Slamming The Door Shut On The "Plunging Labor Force Participation Rate" Debate Once And For All
And to think we have none other than the US Commerce Department to thank for issuing the one report which not only refutes all wrong "explanations" of the collapsing labor force participation rate, propagated by the Bureau of Labor Statistics and the Fed itself. that blame said plunge on demographics, but once and for all slams the door shut on any future debate about just the New Normal secular shifts within the aging US population truly are.
From: "65+ in the United States: 2010"
On the one hand, the recession forced some workers to retire sooner than planned. On the other hand, the declines in housing and financial asset prices pushed many workers to delay retirement. The decision of when to retire was being influenced by opposing factors: (1) the decline in stock market prices and lowered housing values supported retirement delays, and (2) the rise in unemployment and greater difficulty among older adults in finding another job supported earlier retirement (Hurd and Rohwedder, 2010b). Among those nearing retirement age (age 50 to 61), 63 percent reported pushing back their expected retirement date as a result of economic conditions (Taylor et al., 2009a).
In 2010, 16.2 percent of the population aged 65 and over were employed, up from 14.5 percent in 2005. In contrast, 60.3 percent of the 20 to 24 age group were employed in 2010, down from 68.0 percent in 2005. Employment shares declined from 2005 to 2010 for all age groups younger than age 55. There was no statistical change in the employment share for workers aged 55 to 64 nor those aged 70 to 74. Engemann and Wall (2010) found that more people aged 55 and over were employed during the recession than would have been if there was no recession. Using the Bureau of Labor Statistics employment data, Engemann and Wall found that during the 2007–2009 period, employment grew by 7.4 percent for the population aged 55 and over. Based on trends prior to the recession, employment for this age group was expected to grow by only 6.1 percent. All younger age groups experienced a decline in employment during the same 2007 to 2009 period.

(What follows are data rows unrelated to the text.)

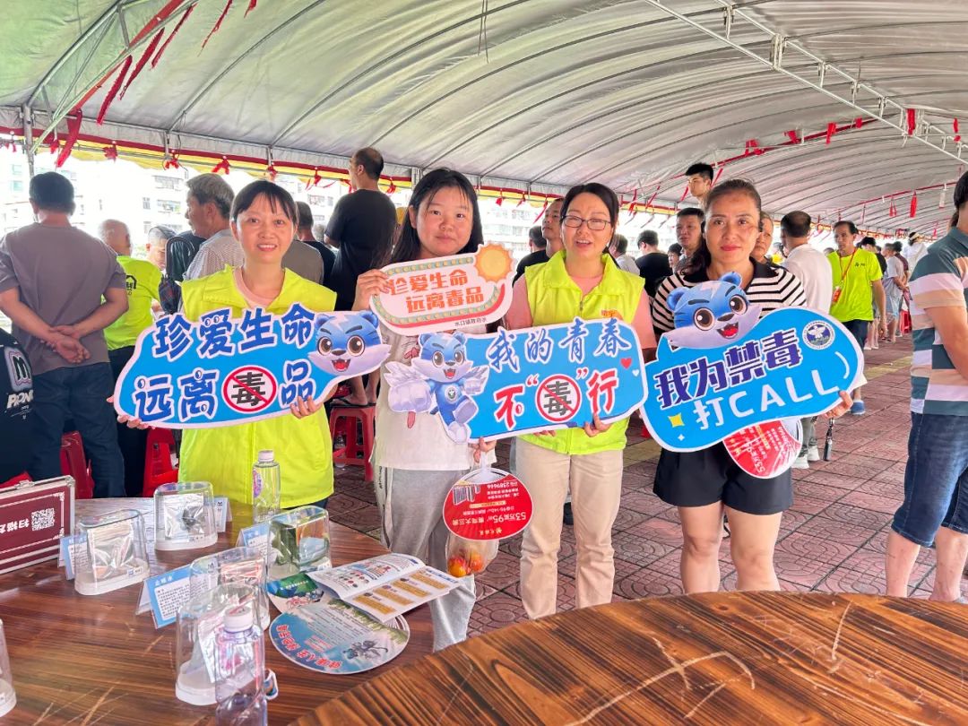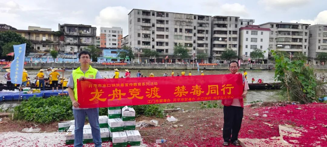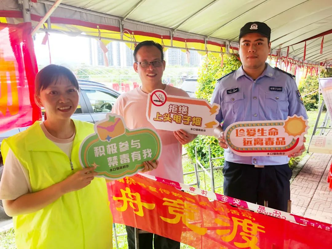 在保障龍舟活動順利進行的同時,水口鎮網格員充分利用節日熱鬧氛圍,聯合鎮禁毒辦、水口派出所、開平市昭宇社會綜合服務中心開展“龍舟競渡,禁毒同行”禁毒主題宣傳活動。
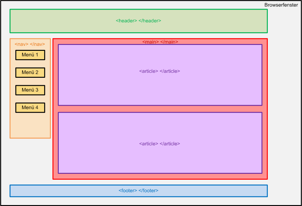 Bei der nächsten Website, die wir erstellen werden, versuchen wir, dieses 2-spaltige Seitenlayout umzusetzen. Dabei werden wir die diversen Bereiche mit den neuen semantischen HTML5-Bereichsnamen auszeichnen.
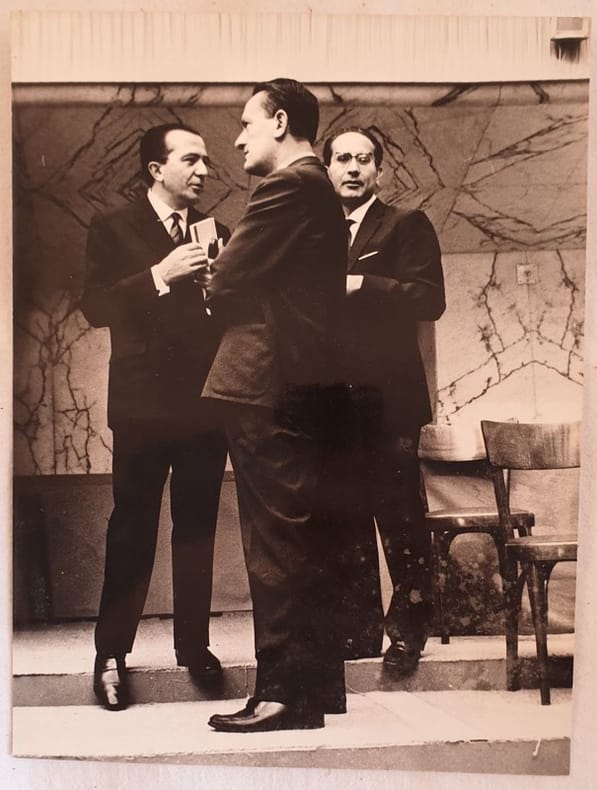 Fotografia originale che mostra i politici Giulio Andreotti, Emilio Colombo e Benigno Zaccagnini nel 1964 durante il Governo Aldo Moro (1916-1978) Al verso nota manoscritta e timbro dell'ANSA (Agenzia Nazionale stampa associata). In buone condizioni, fioriture. Cm 24x18,5.Original photo showing the politicians Giulio Andreotti, Emilio Colombo and Benigno Zaccagnini in1964 during Government Aldo Moro (1916-1978) In the verso handwritten note and stamp of ANSA (Agenzia Nazionale stampa associata). In good conditions, foxings. Cm 24x18,5.<BR><BR>
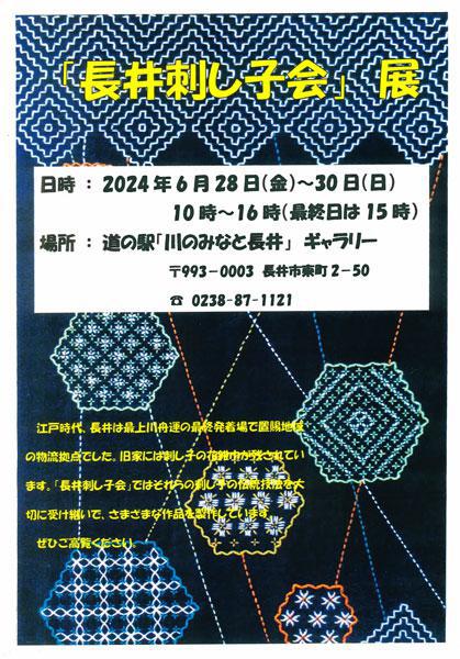 ※この展示会は終了しました。ご来場ありがとうございました。 中央コミセンの学習ひろば自主教室「長井さしこ教室」で、指導・活動をしている 長井刺し子会のみなさんによる展示会が、6月28日(金)から6月30日(日)までの3日間、道の駅川のみなと長井で開催されます。長井市 近郊の旧家から花雑巾 を集めては、その刺し方を解き明かし、技術を伝え、深めてきたみなさんの作品を、ぜひ間近でご覧ください。とき:2024年6月28日(金)〜30日(日)10時〜16時(最終日は15時)ところ:道の駅川のみなと長井ギャラリー(長井市東町2-50) Instagramはこちら
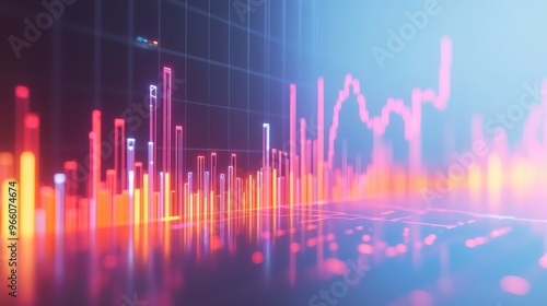 Abstract 3D financial chart with candlestick patterns and trend lines on a white
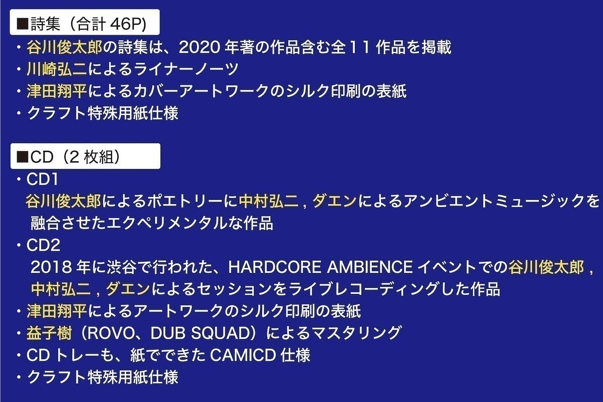 今回の企画は『ポエトリーリーディングをアートピースとして皆様の手元にお届けすること』をコンセプトに、アンビエントとポエトリーリーディングという手法を多くの方に身近に感じていただくことを目標に、長くポエトリーリーディングを行なっておられる、谷川俊太郎さんと一緒に作品を作り上げました。
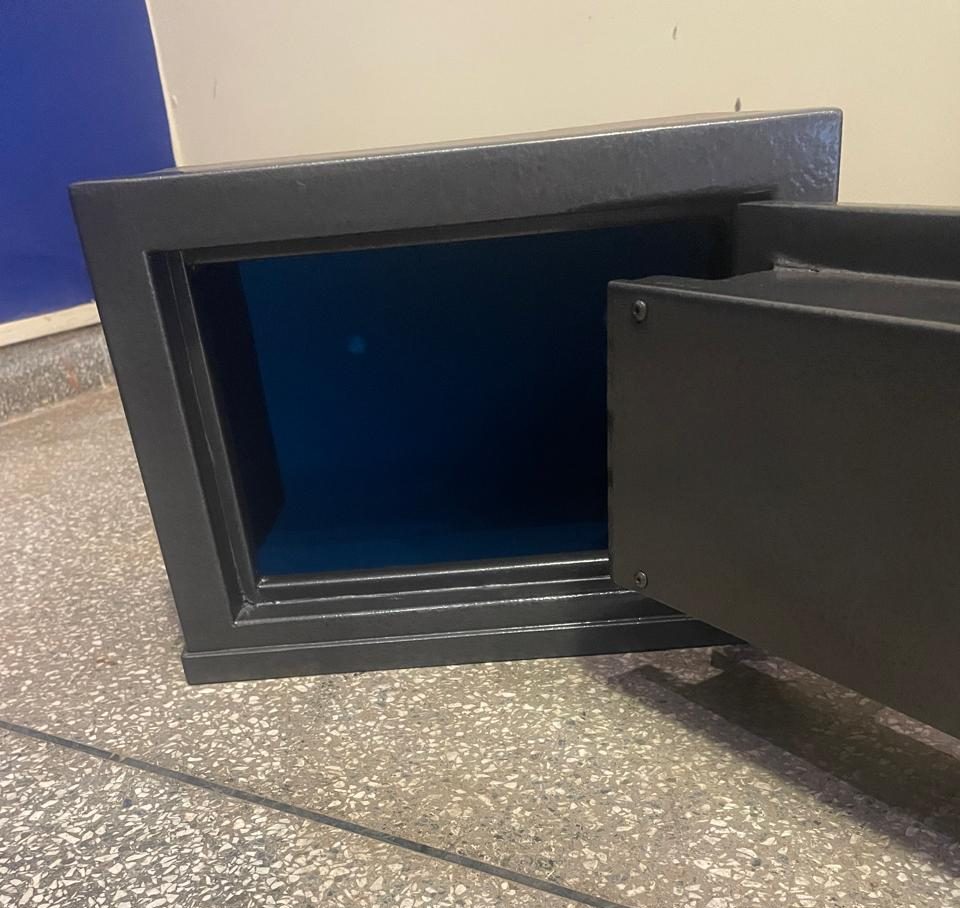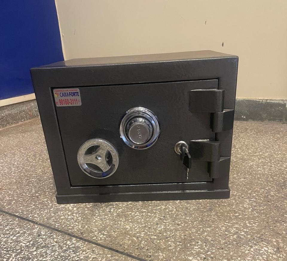 —Características:* Fabricado em aço * furos na na parte anterior para fixação* segredo de 06 números* uma chave e uma cópia* forrado internamente com carpete azul
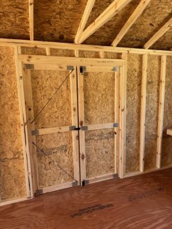 Garage shed with charcoal medal roof, 10 x 7 roll up door with ramp and diamond threshold, 7 windows with shutters, second 6′ double sideĀ door, work bench, painted gray with white trim.
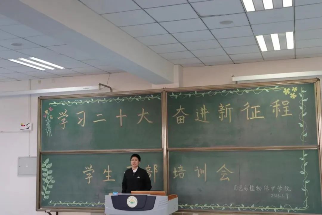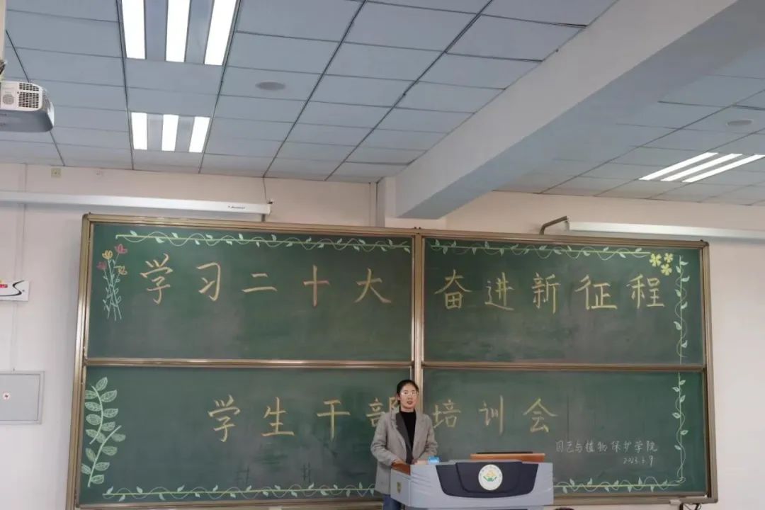 招生就业办公室老师王荣讲到学生干部要学好文化课知识,将学生干部首要任务完成好,主动有为,积极为学校服务,在实践锻炼中不断获得成长。面对考验不气馁,不打无准备之仗。
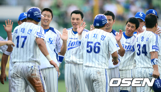 25일 오후 대구야구장에서 열린 '2012 팔도 프로야구' 삼성 라이온즈와 SK 와이번스의 경기, 1회말 2사 만루 삼성 조동찬의 우전 3타점 적시 3루타때 홈을 밟은 채태인, 이지영, 최형우가 더그아웃에서 동료들과 하이파이브를 하고 있다.
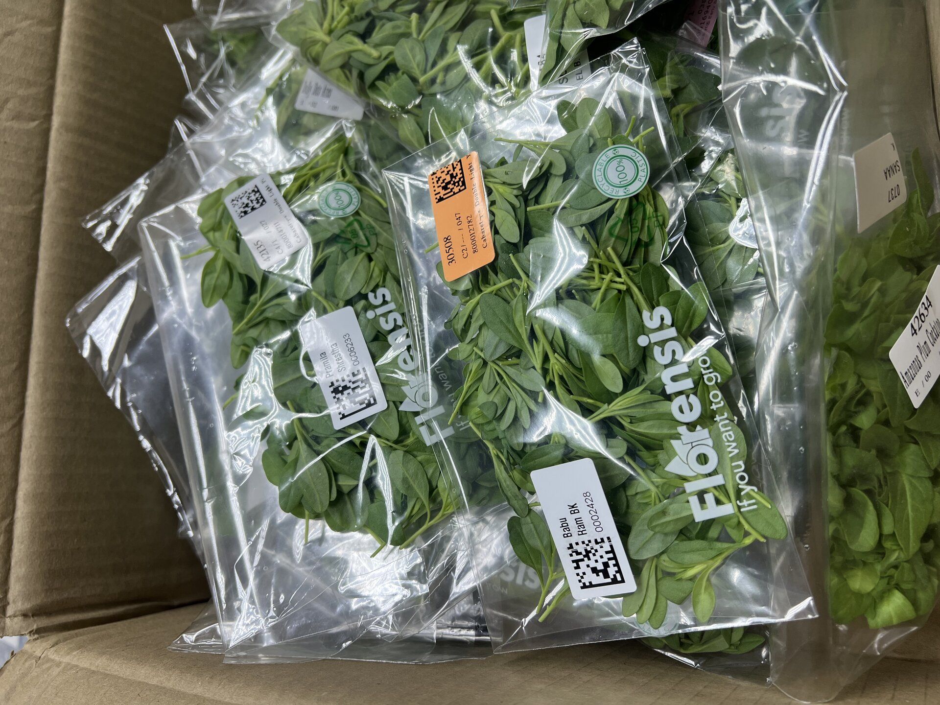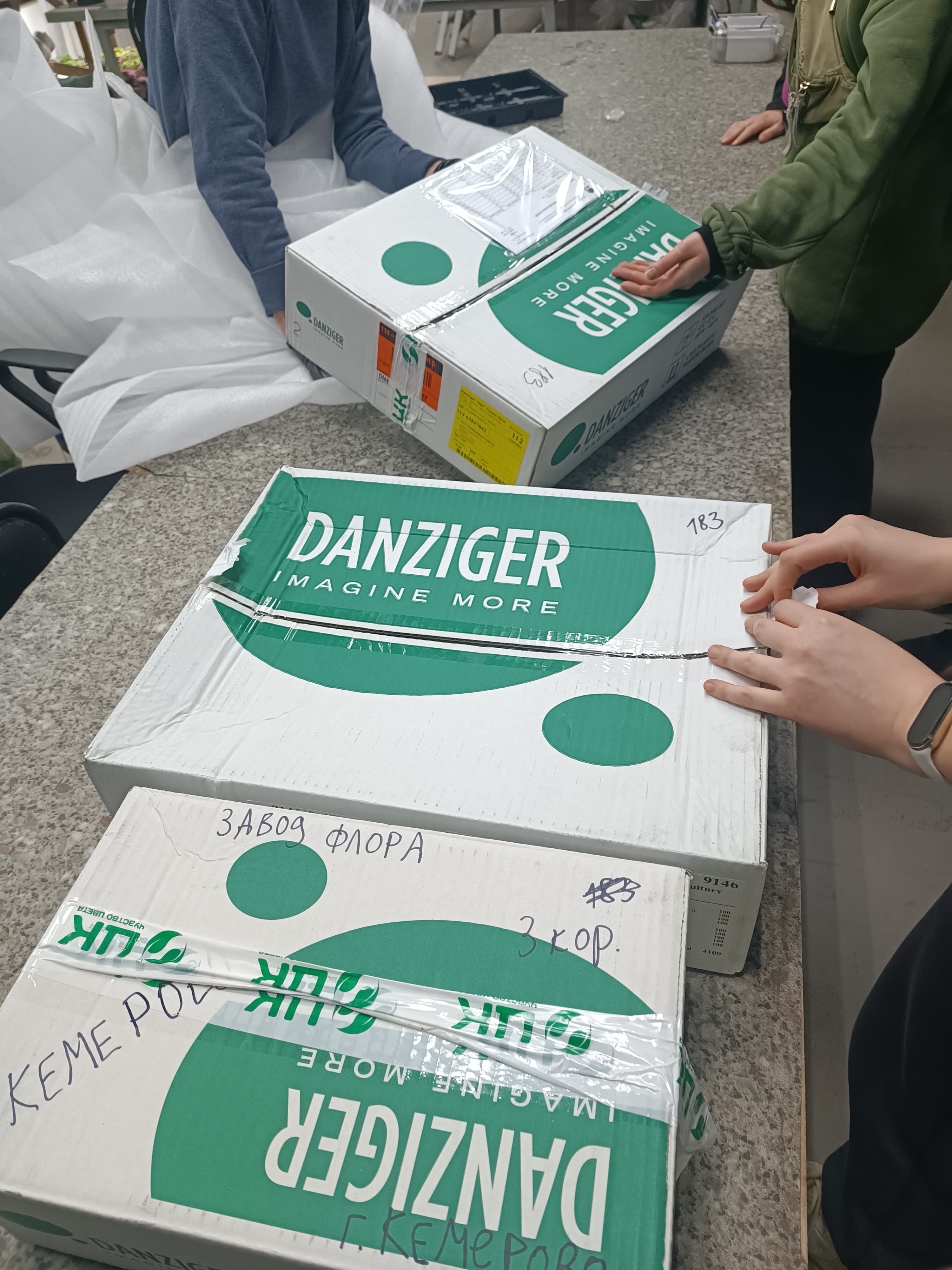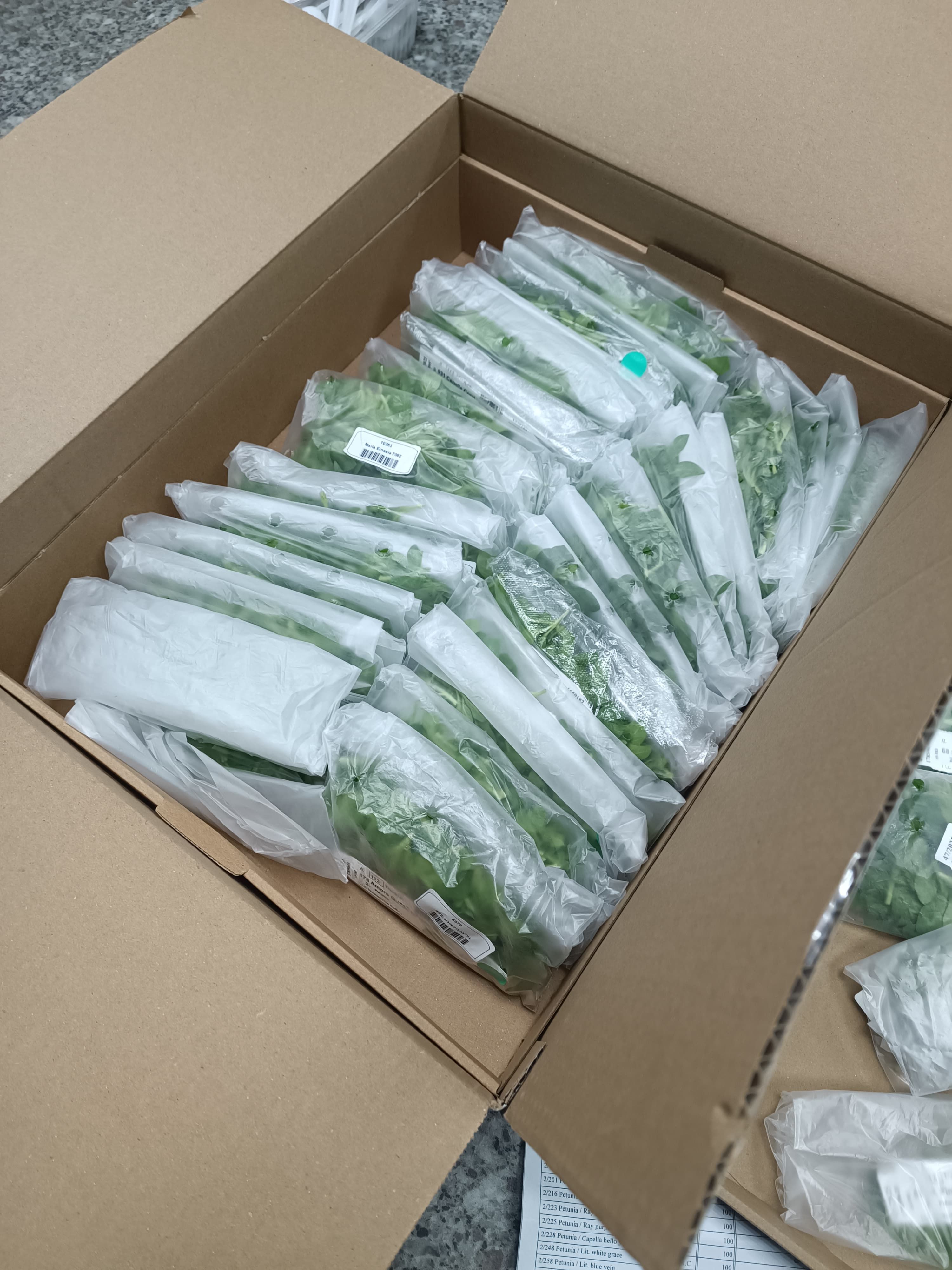 Двойная мощь: мы работаем напрямую с обеими голландскими компаниями и получаем регулярные поставки свежайших черенков. Фирменные коробки Dümmen Orange с узнаваемым оранжевым логотипом и пакеты Florensis с QR-кодами прослеживаемости — вот так выглядит профессиональная логистика мирового уровня. От лаборатории селекции в Нидерландах до производства Завода ФЛОРА в Кемерово — за 48 часов.

Oh, we almost forgot the punchline: dear US "retirees" - if you want to mitigate the impact of the US depression and the loss of savings income courtesy of the Fed's ZIRP policy, all you have to do is, well, work until you die.
Many older workers managed to stay employed during the recession; in fact, the population in age groups 65 and over were the only ones not to see a decline in the employment share from 2005 to 2010 (Figure 3-25)... Remaining employed and delaying retirement was one way of lessening the impact of the stock market decline and subsequent loss in retirement savings.